Our work started from a different concern altogether.
When you have been working in analytical chemistry for years (or decades), certain ideas become so natural that you stop noticing how conceptually demanding they are for beginners. You say things like, “As we all know…” or “You should already be familiar with this from the previous course.” But what feels obvious to the expert may still be transformative for the novice.
In that sense, the calibration problem is not only on the student side; it is often on the instructor side.
Threshold concepts
For readers unfamiliar with the term, a “threshold concept” is a concept that changes how a learner sees the discipline. Once understood, it reorganizes understanding in a way that is transformative and, in many cases, irreversible. It is less about memorizing content and more about crossing into the field’s way of thinking.
In analytical chemistry, professional identity is deeply tied to how we reason about measurement and evidence: how we judge data quality, interpret signals, validate methods, and make decisions under constraints. Students do not merely accumulate techniques; they gradually internalize a way of thinking about evidence.
Threshold concepts are the moments along that journey when a novice moves closer to becoming an analytical chemist.
Take precision and accuracy, for example. On the surface, they can look like definitional distinctions. But in practice, confusion here can distort how students interpret method performance and make laboratory decisions. Our upcoming paper argues that precision and accuracy may function as a threshold concept in analytical chemistry precisely because they reshape how measurement is understood and operationalized.

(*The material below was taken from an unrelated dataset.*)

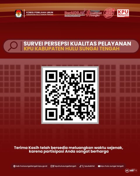 Hai #TemanPemilih, dalam rangka meningkatkan standar pelayanan publik, KPU Kabupaten Hulu Sungai Tengah berkomitmen untuk terus berbenah melalui Survei Persepsi Kualitas Pelayanan (SPKP).

We have also explored concepts like chemical equilibrium and speciation – ideas that may appear “covered” in earlier courses, but repeatedly become troublesome when students must apply them in real analytical contexts.
The difficulty is that experts no longer experience these ideas as transformative. They have long since crossed the threshold.
Why AI?
Our project, funded by a Brazilian research agency (FAPESP), uses generative AI as a disciplined way to generate testable hypotheses for experts to evaluate.
We developed a two-stage workflow.
Stage 1 focuses on building and refining a prompt to analyze short excerpts from analytical chemistry textbooks, course texts, and research articles on analytical chemistry education. The prompt operationalizes widely discussed threshold-concept criteria from the education literature. For each excerpt, the model must surface candidate concepts and classify them by strength; for example, strong candidates, plausible candidates, and weak candidates, based on how well they align with threshold-concept characteristics. This stage is “AI-supported,” but heavily prompt-disciplined: the goal is not a free-form brainstorm, but a structured, criterion-anchored scan that can be repeated and audited.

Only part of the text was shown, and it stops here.